Furthermore, a biological state output unit that outputs biological state data related to the biological state based on the biological information data, and an instruction output unit that compares the biological state data with health data and outputs an instruction signal are provided. In this way, the user can take out and use the program at a desired opportunity (claims 6 to 8).
[0112]
Furthermore, the interlocking unit can be configured to receive a plurality of pieces of biological information data. In this way, editing is performed based on various types of biological information, so that accurate and detailed editing is possible. (Claim 9).
The decoding unit may be configured to obtain the program data from a wireless signal, or may be obtained from a wired system or a recording medium on which information data is recorded. In addition, a large number of users can be acquired regardless of the installation location and the reception form (claims 10, 11).
[0113]
In addition, according to the video / audio data editing method of the present invention, the decoding step of demodulating the content data having the main data and the sub data and outputting the main data and the sub data, and the main data and the sub data are performed. An accumulation step for accumulating in the accumulation unit for data accumulation, an associated operation step for outputting an instruction signal instructing an associated operation associated with each of the sub data and the biological information data, and editing the sub data based on the instruction signal Sub data editing step, a data editing / output step for outputting reproduction data obtained by reproducing the main data based on the instruction signal, and a reproduction step for reproducing the main data. Performs related processing of included auxiliary data and biological information obtained from biological sensors, and edits and reproduces video, audio and auxiliary data. It can, it is possible to transmit the data to suit the health status of each user (claim 12).
[0114]
According to the video / audio data editing method of the present invention, the decoding step for demodulating the program data including the video / audio data and the auxiliary data, and outputting the video / audio data and the auxiliary data, the video / audio data and the auxiliary data are performed. An interlocking operation that outputs an instruction signal instructing an interlocking operation associated with each of an accumulation step for accumulating data in an accumulating unit for data accumulation, auxiliary data accumulated in the accumulating unit, and biological information data related to health An auxiliary data editing step for editing auxiliary data stored in the storage unit based on the instruction signal, a video / audio data output step for outputting reproduction data obtained by reproducing the video / audio data based on the instruction signal, and reproduction data The viewer has a gymnastic program that corresponds to each user. Can be generated (claim 13).
[0115]
Furthermore, the video / audio data generation method of the present invention includes a generation step of generating video / audio data composed of unit video / audio data corresponding to each scene in a program, and program attribute information data assigned to each scene. An auxiliary data superimposing step for superimposing auxiliary data on video / audio data in a predetermined horizontal section in a vertical blanking period, and a video / audio data transmitting step for transmitting video / audio data on which auxiliary data is superimposed are configured. So, for example, most of the dialogue and narration are displayed on the TV screen, so that people with hearing impairments can watch TV and videos, and English of people who use English as a second foreign language. It is also used for learning (claim 14).
[0116]
In addition, the auxiliary data superimposing step includes a horizontal section superimposing step of superimposing the auxiliary data on a predetermined horizontal section in the vertical blanking period of the second field, and an identification indicating that the auxiliary data is associated with the biological information data. And an identification information superimposing step for superimposing information on a predetermined horizontal section. In this way, for example, the health of each user can be maintained without changing the system format in the existing television broadcasting. A program suitable for the state can be provided (claims 15 and 16).

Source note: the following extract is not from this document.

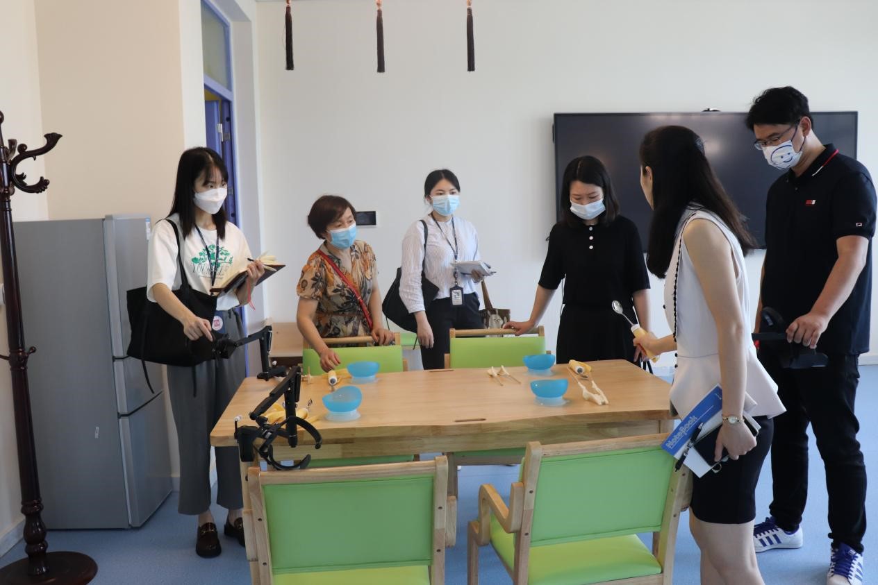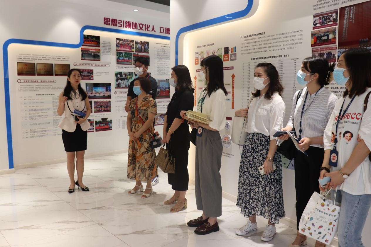 李双晶一行参观了护理实训楼的护理系陈列室、沉浸式实训室、模拟手术室、老年护理实训室、模拟产房、妇产科护理实训室、母婴餐饮制作室、儿科护理实训室、儿保早教室、急救实训室等。

[Brief description of the drawings]
FIG. 1 is a configuration diagram of a broadcast / distribution system according to an embodiment of the present invention.
FIG. 2 is a schematic block diagram of a server according to an embodiment of the present invention.
3A is a diagram illustrating an example of auxiliary data according to an embodiment of the present invention, and FIG. 3B is a diagram for explaining data after interlocking processing according to an embodiment of the present invention. is there.
FIG. 4 is a diagram illustrating an example of a transmission data waveform in an XDS format.
FIG. 5 is a diagram illustrating a bit arrangement of an XDS format.
6A is a diagram illustrating an example of a first character according to an embodiment of the present invention, and FIG. 6B is a diagram illustrating an example of a second character according to an embodiment of the present invention.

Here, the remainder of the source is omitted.